BEGIN Data for review

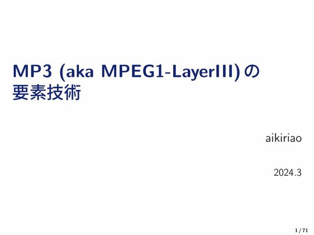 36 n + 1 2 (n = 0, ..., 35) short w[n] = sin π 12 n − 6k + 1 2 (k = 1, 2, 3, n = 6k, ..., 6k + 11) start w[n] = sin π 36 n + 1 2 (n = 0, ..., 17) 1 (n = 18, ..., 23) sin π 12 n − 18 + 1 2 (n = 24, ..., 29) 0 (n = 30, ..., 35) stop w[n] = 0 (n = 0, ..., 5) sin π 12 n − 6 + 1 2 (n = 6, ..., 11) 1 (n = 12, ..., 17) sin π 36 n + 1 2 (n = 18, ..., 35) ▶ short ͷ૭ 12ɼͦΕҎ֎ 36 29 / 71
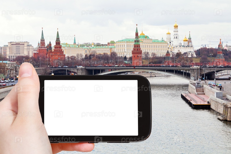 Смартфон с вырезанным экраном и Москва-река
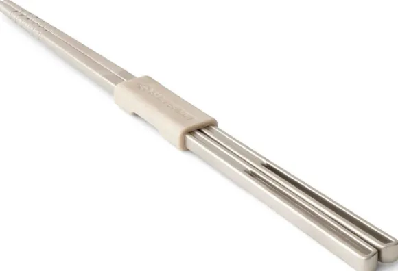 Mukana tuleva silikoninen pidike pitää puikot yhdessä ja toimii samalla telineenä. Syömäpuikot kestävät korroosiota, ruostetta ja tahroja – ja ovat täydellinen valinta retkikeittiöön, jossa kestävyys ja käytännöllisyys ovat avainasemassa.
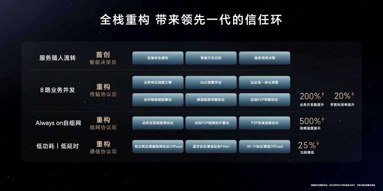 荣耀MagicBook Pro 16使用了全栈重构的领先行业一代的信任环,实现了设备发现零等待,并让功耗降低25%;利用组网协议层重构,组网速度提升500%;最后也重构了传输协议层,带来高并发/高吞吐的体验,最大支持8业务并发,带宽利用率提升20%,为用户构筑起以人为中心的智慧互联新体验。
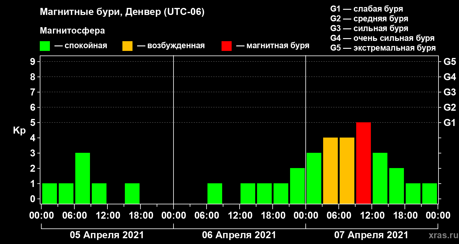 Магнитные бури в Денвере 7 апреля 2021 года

END Data for review
BEGIN Data for review

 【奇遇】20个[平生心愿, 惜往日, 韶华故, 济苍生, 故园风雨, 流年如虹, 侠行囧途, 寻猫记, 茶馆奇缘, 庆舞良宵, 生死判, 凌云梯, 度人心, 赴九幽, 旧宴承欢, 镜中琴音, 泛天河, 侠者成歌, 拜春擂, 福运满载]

END Data for review

◆ **Your goal**: With pictures omitted, repeat the entries above word for word from the line holding "Mukana tuleva silikoninen" down to the line holding "Магнитные бури в Денвере 7 апреля 2021 года", keeping both of those lines.

◆ **Reply**:
 Mukana tuleva silikoninen pidike pitää puikot yhdessä ja toimii samalla telineenä. Syömäpuikot kestävät korroosiota, ruostetta ja tahroja – ja ovat täydellinen valinta retkikeittiöön, jossa kestävyys ja käytännöllisyys ovat avainasemassa.
 荣耀MagicBook Pro 16使用了全栈重构的领先行业一代的信任环,实现了设备发现零等待,并让功耗降低25%;利用组网协议层重构,组网速度提升500%;最后也重构了传输协议层,带来高并发/高吞吐的体验,最大支持8业务并发,带宽利用率提升20%,为用户构筑起以人为中心的智慧互联新体验。
 Магнитные бури в Денвере 7 апреля 2021 года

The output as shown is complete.